Later, the longevity and tenacity of Fim magazine standardized the coinage to Kannywood from 2002, propelling it into Oxford English Dictionary in 2019 which defines it as “The Nigerian Hausa-language film industry, based in Kano; Kano regarded as the centre of this industry”.
Other magazines that joined in the fray included Annashuwa, Bidiyo, Duniyar Fim, Garkuwa, Gidauniya, Indiyana, Majigi, Marubuciya, Mudubi, Mujallar Sharhi, Mujallar Sho, Mumtaz, Nishaɗi, Sharhin Fim, Shirin Fim, and Tauraruwa. Like the Hausa video film industry itself, competition to establish the magazines, with the exception of the sole survivor, Fim, was motivated by a do-it-yourself journalism ethos and desire to make money, rather than to document the process. This explains why out of about 16 titles established between 1998 to 2005, only one, Fim, survived.
A study of their lifespan indicated varying longevity from just one issue (Mujallar Sharhi), to two (Annur, Sharhin Fim, Indiyana) or four to six (Annashuwa, Majigi, Marubuciya). The rest survived few issues beyond number 10 up to 2004 before folding up.
Indiyana became somewhat unique in that it provided news and information in Hausa about Hindi, rather than Hausa, film industry—which it culled from Hindi film magazines like Fanfare and Stardust, as well as Internet web sites. However, after only two issues, it folded up.
Marubuciya started as a literary magazine, but started to focus on the burgeoning Hausa video film industry after three issues to get a share of the market. Increasing availability of printing presses created more varieties of covering the entertainment industry. Thus, Nishaɗin Mako became the first (18th to 25th September, 2003) initially fortnightly newspaper to cover the industry. It ceased production after that one issue.
The magazines are almost exclusively devoted to video films, trying to keep pace with their rapid expansion, highlighting the appeal of particular films and expanding the number of stars and superstars in the process. And perhaps not surprisingly, regular contact and coverage of the industry provided the magazine publishers with video ideas; for they too entered the video film production business. Thus, Fim magazine produced Gagarabadau, Daren Farko and Artabu, while Majigi (through Shalamar Video film studio in Abuja) produced Honarabul, Illar Gaba and Nafisa–Ta.

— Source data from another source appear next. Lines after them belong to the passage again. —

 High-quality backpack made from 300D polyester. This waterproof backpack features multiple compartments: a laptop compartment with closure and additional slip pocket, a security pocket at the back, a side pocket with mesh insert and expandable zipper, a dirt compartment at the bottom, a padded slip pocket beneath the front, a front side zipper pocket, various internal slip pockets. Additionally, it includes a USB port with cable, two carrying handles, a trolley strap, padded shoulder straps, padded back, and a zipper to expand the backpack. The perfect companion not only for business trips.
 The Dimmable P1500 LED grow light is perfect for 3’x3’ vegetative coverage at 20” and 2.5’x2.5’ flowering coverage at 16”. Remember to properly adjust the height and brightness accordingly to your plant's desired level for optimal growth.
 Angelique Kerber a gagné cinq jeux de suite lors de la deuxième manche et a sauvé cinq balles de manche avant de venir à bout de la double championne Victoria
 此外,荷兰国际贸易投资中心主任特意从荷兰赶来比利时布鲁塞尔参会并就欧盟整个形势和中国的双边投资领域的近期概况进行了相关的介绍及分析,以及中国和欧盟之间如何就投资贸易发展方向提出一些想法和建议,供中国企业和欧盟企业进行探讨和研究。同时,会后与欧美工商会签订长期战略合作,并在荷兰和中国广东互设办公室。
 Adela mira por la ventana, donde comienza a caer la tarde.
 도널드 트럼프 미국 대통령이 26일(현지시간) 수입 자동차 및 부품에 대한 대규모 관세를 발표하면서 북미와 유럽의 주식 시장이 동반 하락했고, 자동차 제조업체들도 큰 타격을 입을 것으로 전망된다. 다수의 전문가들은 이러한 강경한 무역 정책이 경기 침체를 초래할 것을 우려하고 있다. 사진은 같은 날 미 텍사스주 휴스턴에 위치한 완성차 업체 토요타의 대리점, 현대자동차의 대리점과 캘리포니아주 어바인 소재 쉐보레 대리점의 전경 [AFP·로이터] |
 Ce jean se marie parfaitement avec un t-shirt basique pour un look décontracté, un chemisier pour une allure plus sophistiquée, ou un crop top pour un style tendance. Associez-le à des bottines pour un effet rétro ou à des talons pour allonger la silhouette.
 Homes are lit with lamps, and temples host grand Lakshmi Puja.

Beside the magazine as vehicles of a media process, new linguistic terms rapidly appeared which became the lexicon of the industry, essentially introduced by the younger spectrum of the business, and reflected their globalized adaptation of English words to Enghausa. Thus, some of the popular terms that emerged included shutin (shooting), lokashin (location), artisaye (set rehearsals), industiri (industry), kastin (casting) sina-sinai (scenes), selinface (selling face), rol (role), camama (low budget, i.e., cheaply, produced videos, popularized by Ɗan Ibro franchise), Kan-ta-waye (rookie, greenhorn, fresh Executive Producer, especially a woman with more money than sense, to produce a film). They reflect the new lexicon of Hausa urban film folk and sophisticates.

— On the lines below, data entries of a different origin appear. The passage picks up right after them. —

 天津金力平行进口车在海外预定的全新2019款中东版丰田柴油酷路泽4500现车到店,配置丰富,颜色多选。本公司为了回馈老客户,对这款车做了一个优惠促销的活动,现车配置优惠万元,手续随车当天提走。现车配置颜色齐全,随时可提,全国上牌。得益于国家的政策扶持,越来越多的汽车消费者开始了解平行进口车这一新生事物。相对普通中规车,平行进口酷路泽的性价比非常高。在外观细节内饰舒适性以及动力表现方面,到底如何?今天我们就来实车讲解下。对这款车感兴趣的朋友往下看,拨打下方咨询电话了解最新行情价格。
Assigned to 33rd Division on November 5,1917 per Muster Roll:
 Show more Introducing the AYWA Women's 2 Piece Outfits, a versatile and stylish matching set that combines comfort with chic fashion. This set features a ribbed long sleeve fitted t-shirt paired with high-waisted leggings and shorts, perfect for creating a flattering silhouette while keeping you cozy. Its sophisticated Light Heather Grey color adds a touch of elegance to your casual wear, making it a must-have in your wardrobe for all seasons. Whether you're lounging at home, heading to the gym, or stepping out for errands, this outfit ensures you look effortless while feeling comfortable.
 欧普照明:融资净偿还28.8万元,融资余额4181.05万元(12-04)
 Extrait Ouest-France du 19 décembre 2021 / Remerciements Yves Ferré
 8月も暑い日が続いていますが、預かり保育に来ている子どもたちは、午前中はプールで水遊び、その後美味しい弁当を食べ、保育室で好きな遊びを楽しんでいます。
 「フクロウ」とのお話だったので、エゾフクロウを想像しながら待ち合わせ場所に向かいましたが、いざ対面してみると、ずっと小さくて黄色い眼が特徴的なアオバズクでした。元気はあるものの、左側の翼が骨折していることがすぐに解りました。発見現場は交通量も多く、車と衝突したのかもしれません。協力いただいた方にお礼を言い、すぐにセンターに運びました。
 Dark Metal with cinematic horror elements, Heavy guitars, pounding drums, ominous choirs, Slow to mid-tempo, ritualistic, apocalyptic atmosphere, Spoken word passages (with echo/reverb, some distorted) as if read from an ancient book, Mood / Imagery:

Indeed, as shown by Yusuf Adamu, a whole new videospeak language, bulungudu was created principally by a seasoned actor, Hussaini Ƙoƙi in 1994. This new created language was first used in Qarni, a film by Hafizu Bello in collaboration with Abba Lawan in 2003. Bulungudu echoes the Klingon language, known as Klingonese or tlhIngan Hol, which was first introduced in “Star Trek: The Motion Picture” in 1979.
By 2005 the Hausa video film had established itself as a perfect example of globalization of popular culture in a traditional society. The darkness fell in the noon of 2007 with a private phone video clip.
Prof. Abdalla Uba Adamu
Is a Professor of media and cultural studies in Bayero University, Kano.

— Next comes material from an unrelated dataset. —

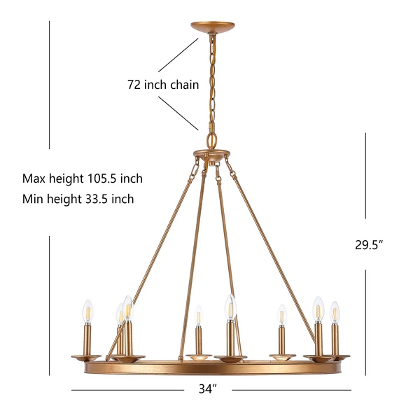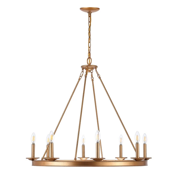 Designed for the contemporary tastemaker, this 8 light chandelier is an investment in stylish living. Its minimalist metal circle is finished in rich gold so any room has a touch of shining industrial chic charm.
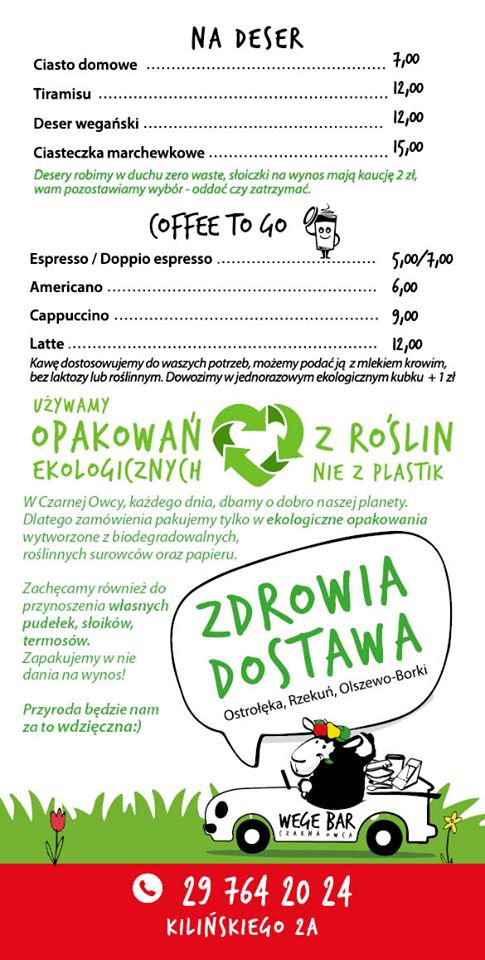 Czarna Owca Wege Bar, ul. Kilińskiego 2a, 07-410 Ostrołęka, tel. 29 764 20 24.

This was first published on his Facebook account.
Opinion
Abba Kabir Yusuf: Loyalty, Leadership and the Burden of Choice
Abdulkadir A. Ibrahim (Kwakwatawa), FNGE,
Governor Abba Kabir Yusuf’s eventual defection was not an act of ambition or betrayal, but a calculated decision shaped by loyalty, patience and the overriding necessity of governance. His journey reflects the difficult balance between ideology and responsibility in Nigeria’s political terrain.
Politics is not merely a contest for power; it is a discipline of choice. It is a terrain where patience is tested, loyalty is strained, and leadership is measured not by noise but by consequence. Within this demanding landscape, the delayed defection of Governor Abba Kabir Yusuf did not arise from indecision, opportunism or personal ambition. Rather, it emerged from a deliberate and sustained effort to align loyalty with strategy, principle with progress, and mentorship with the realities of governance.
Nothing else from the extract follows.